* **Problem to work on**
One part of the entries below is wanted: the lines from the one containing "Materials | Cherry" through the one containing "A discussão continuou". Write those out exactly and nothing else.

* **Data extracts**
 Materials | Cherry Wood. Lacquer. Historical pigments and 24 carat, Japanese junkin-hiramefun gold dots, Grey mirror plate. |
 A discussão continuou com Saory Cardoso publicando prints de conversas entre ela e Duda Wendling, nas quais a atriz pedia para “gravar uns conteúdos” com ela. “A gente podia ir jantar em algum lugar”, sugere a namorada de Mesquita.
--
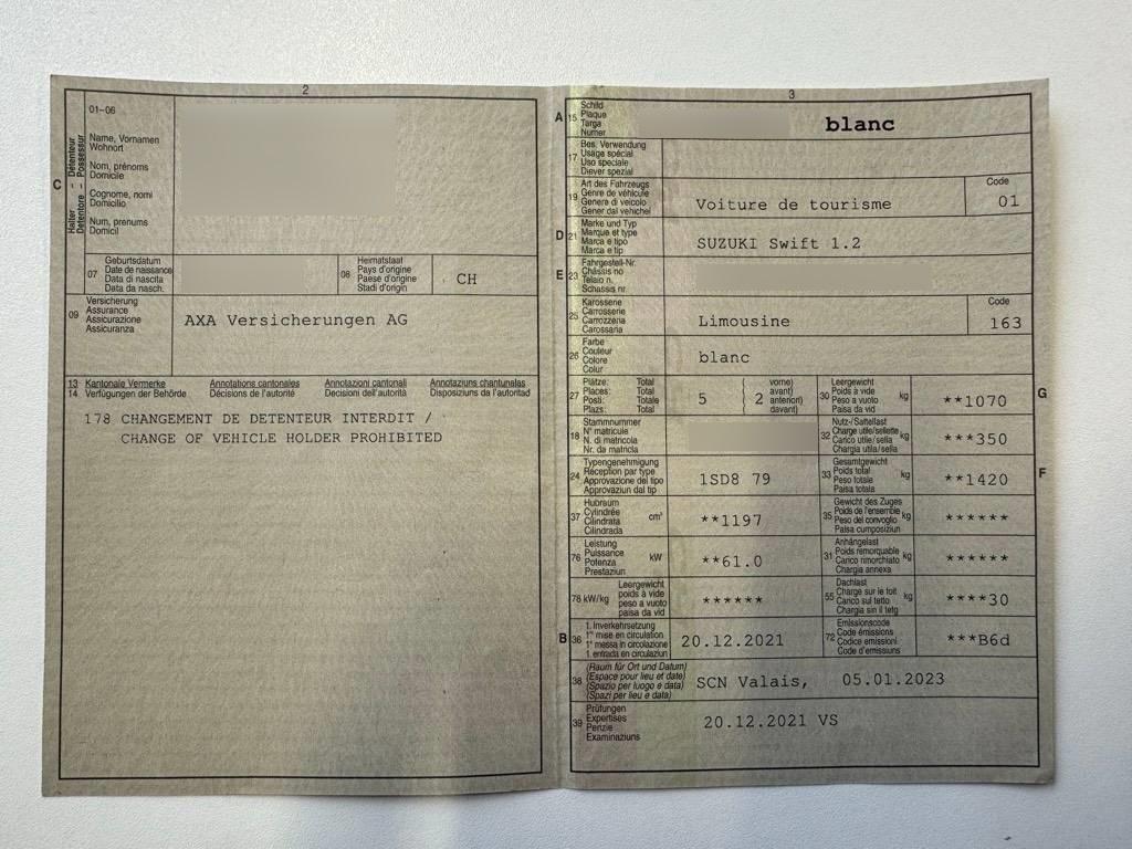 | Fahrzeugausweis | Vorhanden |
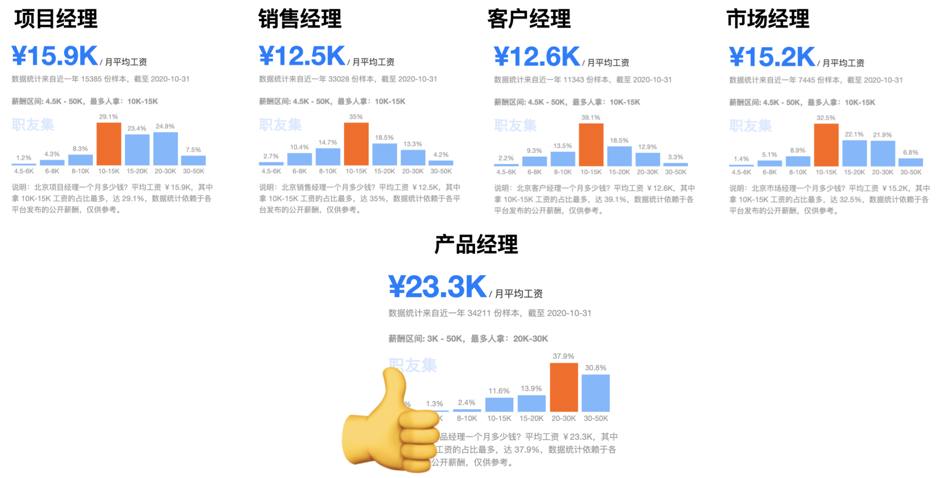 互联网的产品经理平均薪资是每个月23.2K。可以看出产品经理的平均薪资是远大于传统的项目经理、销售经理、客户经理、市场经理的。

* **Expected output**
 Materials | Cherry Wood. Lacquer. Historical pigments and 24 carat, Japanese junkin-hiramefun gold dots, Grey mirror plate. |
 A discussão continuou com Saory Cardoso publicando prints de conversas entre ela e Duda Wendling, nas quais a atriz pedia para “gravar uns conteúdos” com ela. “A gente podia ir jantar em algum lugar”, sugere a namorada de Mesquita.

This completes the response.